Und auch die Tatsache, dass ich allmählich zu den Prostrationen immer weniger anhatte, da ich doch stark ins Schwitzen kam, störte mich nicht. Zwar trug ich igendwann nur noch eine Unterhose, aber so konnte ich mir durchaus wie ein indischer Fakir bei seinen Übungen vorkommen. Als Unterlage hatte ich inzwischen ein Badetuch, das den Schweiß aufnahm. Während der Meditation zum Schluss hatte ich einen weiten Bademantel übergezogen, der sich für mich wie die Robe eines buddhistischen Mönchs anfühlte.

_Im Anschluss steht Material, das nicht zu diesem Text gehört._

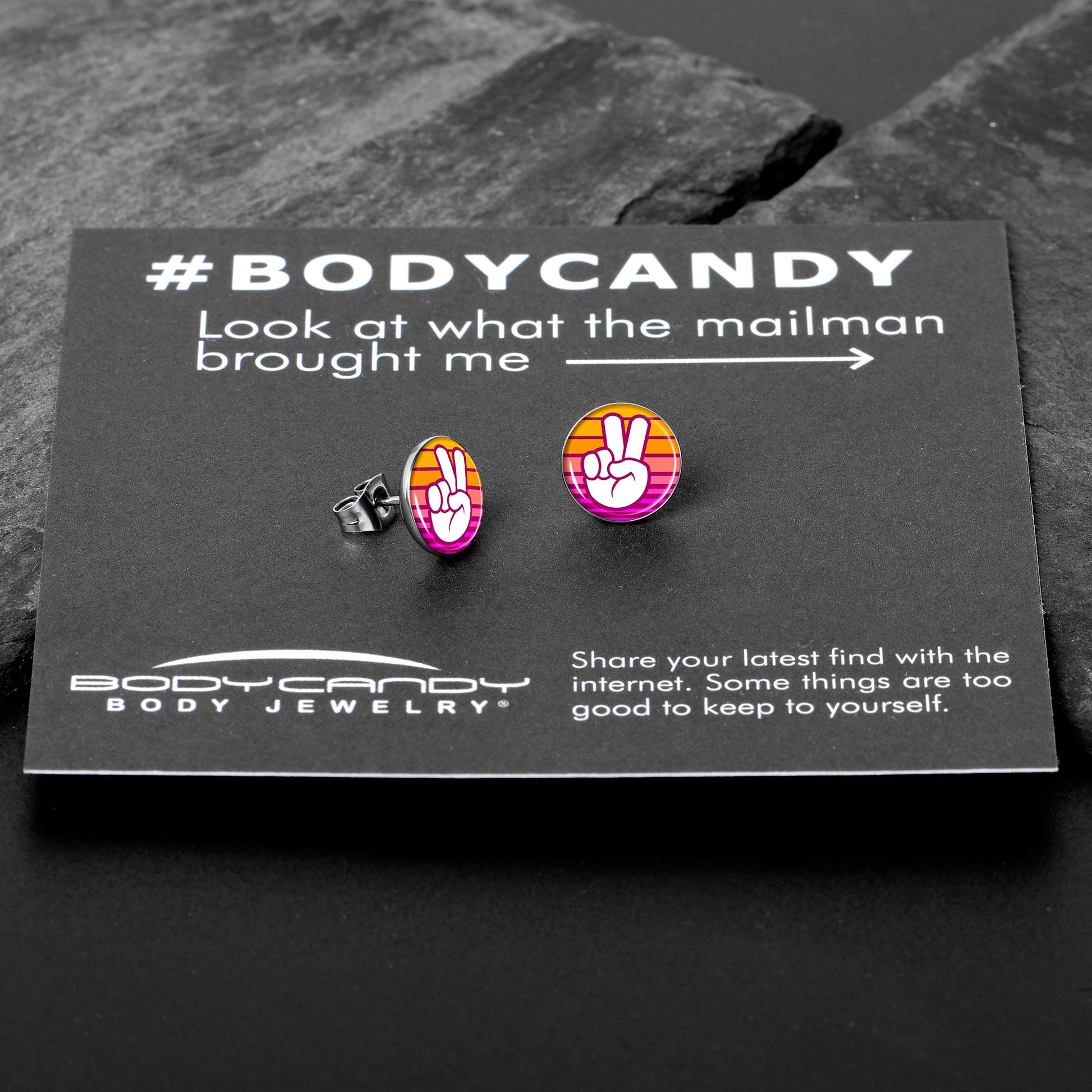 Let your lobes speak words of peace with these stud earrings for pierced ears. They are made with stainless steel straight posts with friction backs for a secure fit. They feature disc charms of a hand giving the classic peace sign from the 1960s. The hands are further embellished with a striped background that shades from purple to orange. You will be feeling the peace and love with these classic peace sign stud earrings. Sold as a set of two.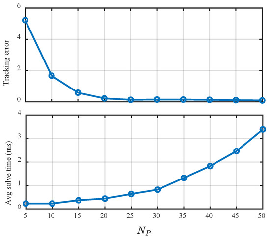 As shown in Figure 8, the tracking error decreases significantly as increases from 5 to 20 and reaches near zero beyond , indicating that larger horizons offer no significant improvement in accuracy past a certain threshold. In contrast, the average solve time grows moderately up to , but then increases rapidly due to the larger optimization problem size. Based on this trade-off, is selected as a practical and balanced choice.

Nach einiger Zeit hatte ich alle Figuren und auch die auf dem Inspirationsbaum abgebildeten Bücher in meine Lobespraxis integriert, sodass ich auf jeweils 144 Prostrationen kam. Ich bemühte mich auch von den anfänglichen 15 Sekunden pro Prostration allmählich auf eine kürzere Zeit zu kommen und war am Ende des halben Jahres bei etwa 9 Sekunden angekommen. Dennoch benötigte ich für diese Praxis relativ viel Zeit, etwa 150 Minuten pro Sitzung, also 10 Stunden pro Woche (bei vier Sitzungen).

Es war die beste und ergiebigste, die erfüllendste und begeisterndste Praxis, die ich jemals unternommen habe. Und allein die Tatsache, dass sie so viel Zeit in Anspruch nahm, und ich noch vieles andere zu tun hatte, führte dazu, dass ich sie nach einem halben Jahr vorerst aufgab, jedoch später immer einmal wieder aufnahm, aber nie wieder mit dem Gelöbnis, dies für eine bestimmte Dauer zu tun. Allerdings habe ich sie bei vielen meiner Einzelklausuren wieder aufgegriffen und dort auch täglich geübt. Allerdings ergaben sich dabei im Dezember 2010 erhebliche körperliche Schwierigkeiten: meine Knie wollten nicht mehr mitmachen, auch meine Achillessehne machte Probleme, also suchte ich nach einer anderen Praxis, bei der ich mit Körper, Rede und Geist üben konnte. Aber das ist eine andere Geschichte (vgl. Szene 29 – Ein wahnwitziger Eid).